(TO DO): Return all the lines below exactly as written. Drop every picture.

(SUPPLIED DATA):
......

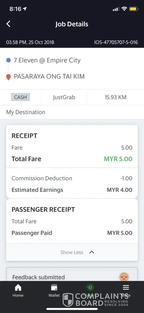 Today, 17/10/2018, I had ordered a grabcar service using the GrabPay Cashless method from Kota Tinggi to Aeon Tebrau but this driver insists me to pay more although I had paid through my debit card via . He told me that I only paid half but then again I had paid using the cashless method by that means my account had been deducted. Please review my issue immediately.
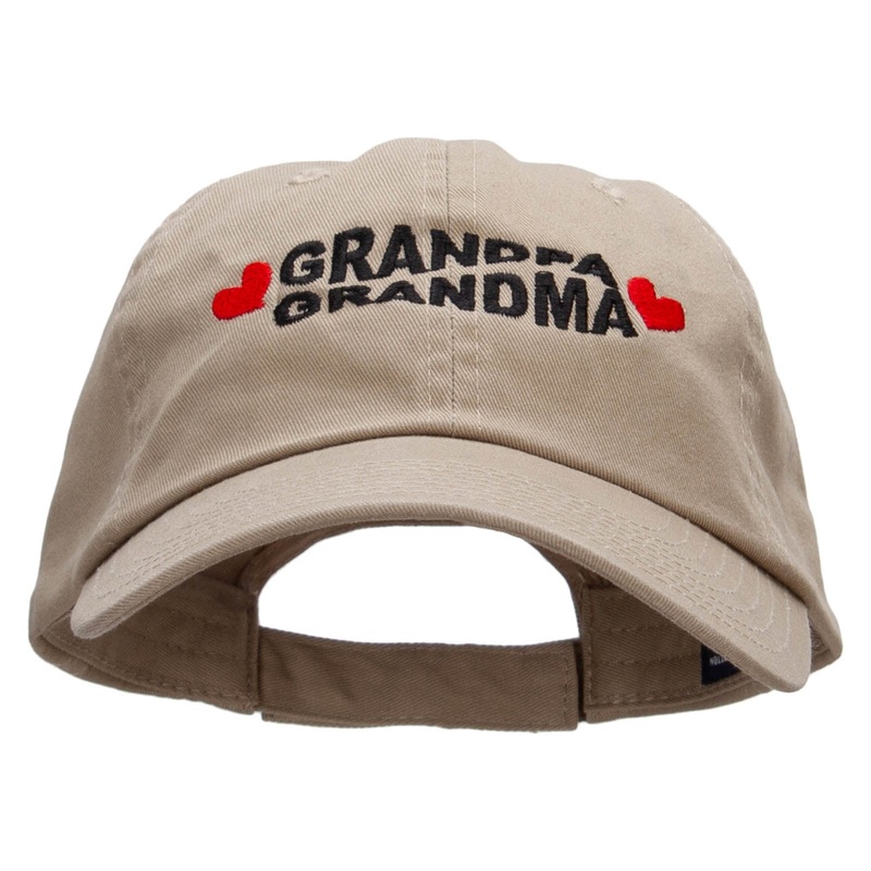 Product Type, Grandma and Grandpa Embroidered Low Profile Dyed Cotton Twill CapMaterial Composition, 100% CottonSize Information, One Size Fits Most, Adjustable Velcro Strap, Fits up to XLCrown Specifications, 3 Inches DeepDesign Details, 6 Panel Unstructu
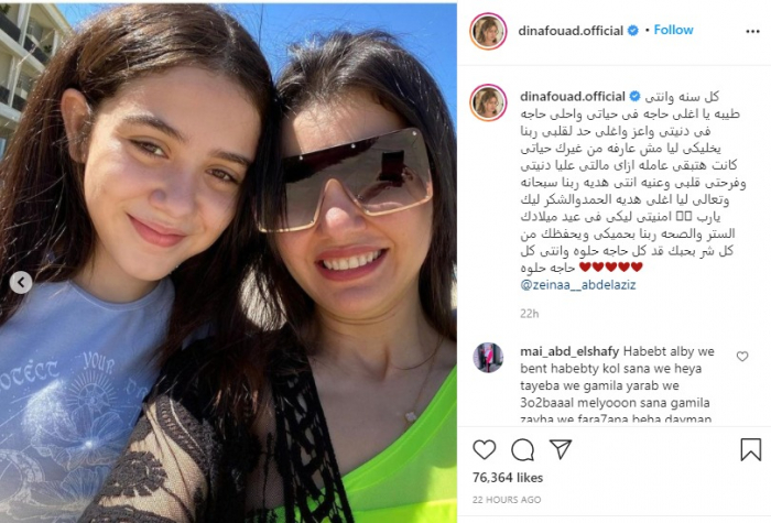 هنأت الفنانة دينا فؤاد، ابنتها زينة، بعيد ميلادها، ونشرت صور تجمعهما عبر حسابها الرسمي بموقع إنستجرام.
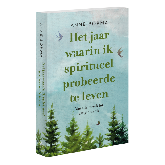 De Canadese journalist Anne Bokma neemt in Het jaar waarin ik spiritueel probeerde te leven een jaar lang iedere maand een andere spirituele richting onder de loep. Zo probeert ze te mediteren met Headspace, doet ze aan yoga met geiten, gaat ze bosbaden, kiest ze alvast een doodskist uit en probeert ze magic mushrooms. Bokma plaatst haar nieuwe spirituele ervaringen in haar persoonlijke levensgeschiedenis. Het resultaat is een boek met een warme vertelstem, geschreven met veel zelfspot en de nodige humor.

......

(FINAL ANSWER):
 Today, 17/10/2018, I had ordered a grabcar service using the GrabPay Cashless method from Kota Tinggi to Aeon Tebrau but this driver insists me to pay more although I had paid through my debit card via . He told me that I only paid half but then again I had paid using the cashless method by that means my account had been deducted. Please review my issue immediately.
 Product Type, Grandma and Grandpa Embroidered Low Profile Dyed Cotton Twill CapMaterial Composition, 100% CottonSize Information, One Size Fits Most, Adjustable Velcro Strap, Fits up to XLCrown Specifications, 3 Inches DeepDesign Details, 6 Panel Unstructu
 هنأت الفنانة دينا فؤاد، ابنتها زينة، بعيد ميلادها، ونشرت صور تجمعهما عبر حسابها الرسمي بموقع إنستجرام.
 De Canadese journalist Anne Bokma neemt in Het jaar waarin ik spiritueel probeerde te leven een jaar lang iedere maand een andere spirituele richting onder de loep. Zo probeert ze te mediteren met Headspace, doet ze aan yoga met geiten, gaat ze bosbaden, kiest ze alvast een doodskist uit en probeert ze magic mushrooms. Bokma plaatst haar nieuwe spirituele ervaringen in haar persoonlijke levensgeschiedenis. Het resultaat is een boek met een warme vertelstem, geschreven met veel zelfspot en de nodige humor.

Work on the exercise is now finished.